The drawbacks of the liver biopsy led to the importance of developing new non-invasive techniques for the evaluation of liver fibrosis (Rousselet et al., 2005).
This study was conducted to assess the diagnostic value of fibrotest, transient elastography by fibroscan, NAFLD fibrosis score and FIB_4 score as non invasive biomarkers to detect and quantify liver fibrosis.
The present study was conducted on 60 patients with non alcoholic fatty liver disease who have either abnormal serum transaminases, or steatosis detected by ultrasonography, or have one or more of the features of the metabolic syndrome.
All subjects included in the study undergone percutaneous liver biopsy using a 16G biopsy needle. The fibrosis score was assessed according to the on a five-point Metavir staging scale as follows:
F0 = no fibrosis, F1 = portal fibrosis without septa, F2 = few septa, F3 = numerous septa without cirrhosis and F4 = cirrhosis.
Participants of the study were further categorized into patients with mild fibrosis who were having metavir stage f0-f1, and patients with moderate to severe fibrosis who were having f2-f4 metavir stages on liver biopsy.
As regards laboratory investigations, patients with moderate to severe fibrosis have statistically higher significant differences than patients with mild fibrosis as regards serum alanine aminotransferase, aspartate aminotransferase and total bilirubin levels.

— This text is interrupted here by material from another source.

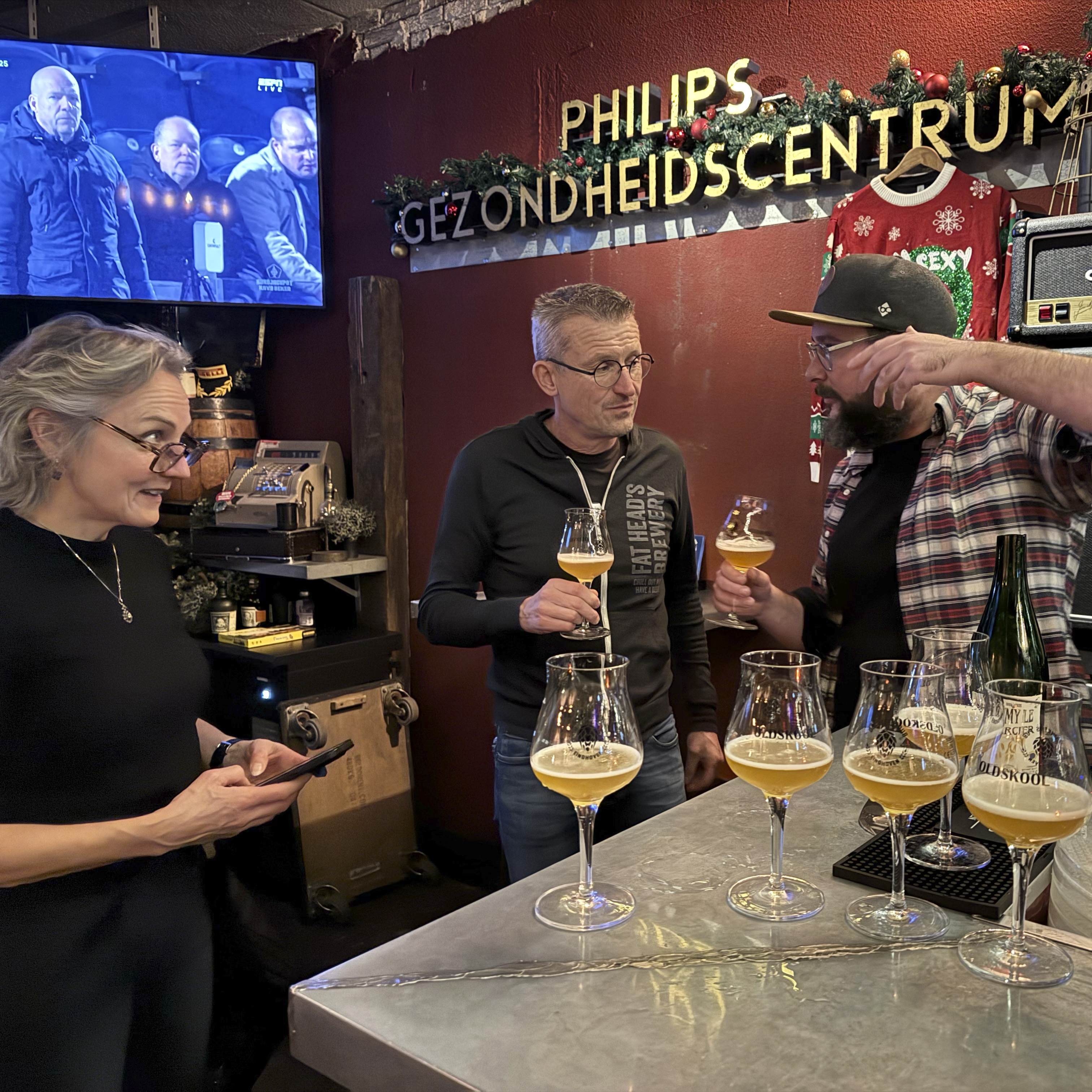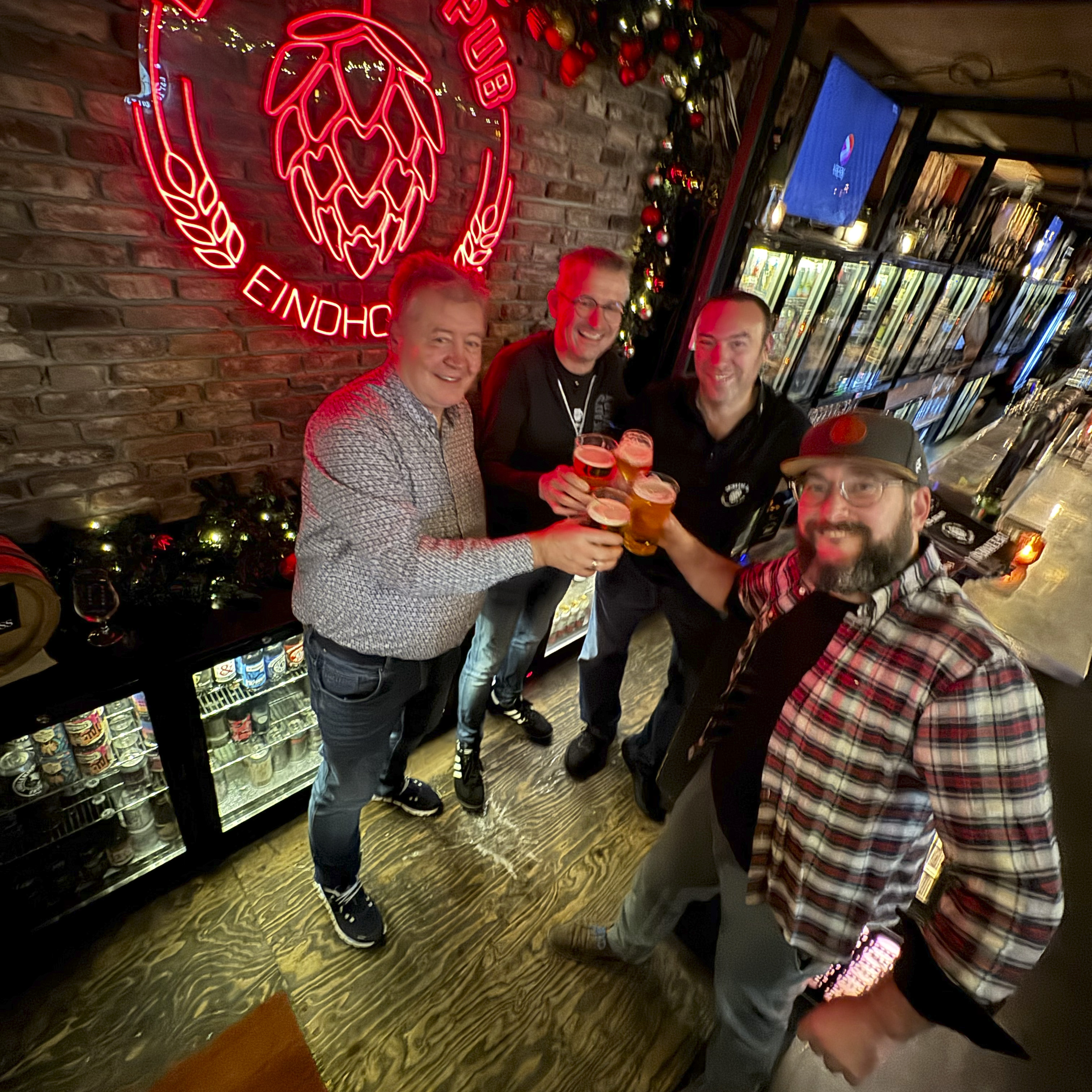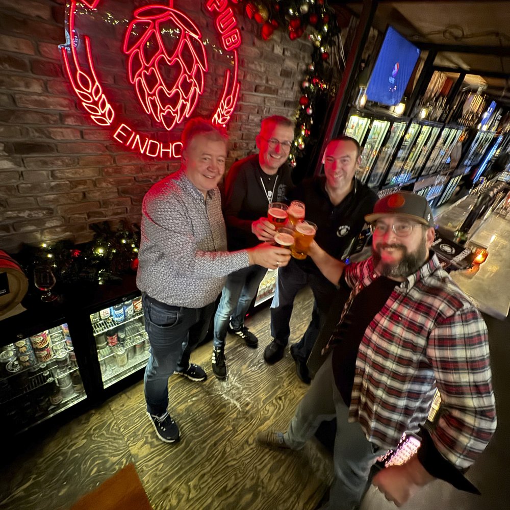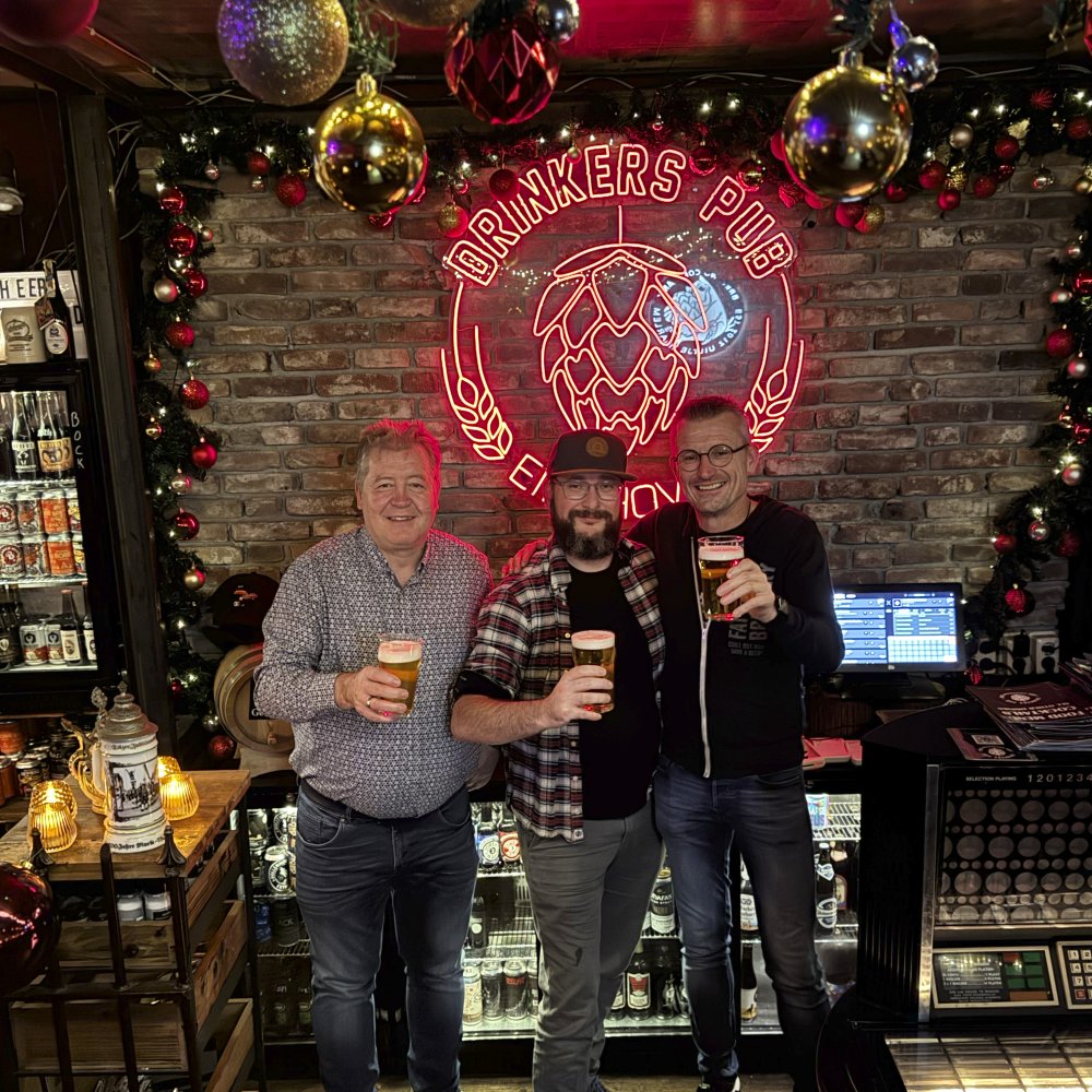 Unsere zwei Chefs auf großer Fahrt in den Niederlanden! Am Mittwoch, 3.12.2025 ging es los mit Station 1: Besuch bei unserem Stammgast, Freund, Collab-Partner UND Vize-Weltmeister der Biersommeliers Dennis Kort und seiner Oldskool Brewery in Eindhoven. Am Abend gab es ein Treffen in Dennis' Kneipe, dem "Drinkerspub". Roland und Ossi trafen sich dort mit Dennis und seinen Kollegen und Freunden von der Gooischen Bierbrouwerij. 1000 verschiedene Biere - davon 30 vom Fass - umfasst die hammergroße Bierauswahl im Drinkerspub. Wie viele davon verkostet wurden, bleibt ein Geheimnis. Jedenfalls war es ein fröhlicher, geselliger und informativen Abend mit Dennis und Co.

As regards values of fibrotest, transient elastography, NAFLD fibrosis score and FIB_4 score, patients with moderate to severe fibrosis have statistically higher significant differences than patients with mild fibrosis.
The diagnostic accuracy of fibrotest at a cutoff value 0.44 in the detection of metavir stage f2 and higher was 96.3% with a sensitivity and specificity 89.4% and 95.1% respectively, while the diagnostic accuracy of transient elastography (fibroscan) at a cutoff value 7.3 kpa in the detection of metavir stage f2 and higher was 97.8% with a sensitivity and specificity 100% and 87.8% respectively.
The diagnostic accuracy of NAFLD fibrosis score at a cutoff value 0.46 in the detection of metavir stage f2 and higher was 94.7% with a sensitivity and specificity 89.4% and 90.2% respectively, while the diagnostic accuracy of FIB_4 score at a cutoff value 1.43 in the detection of metavir stage f2 and higher was 99.2% with a sensitivity and specificity 94.7% and 97.6% respectively.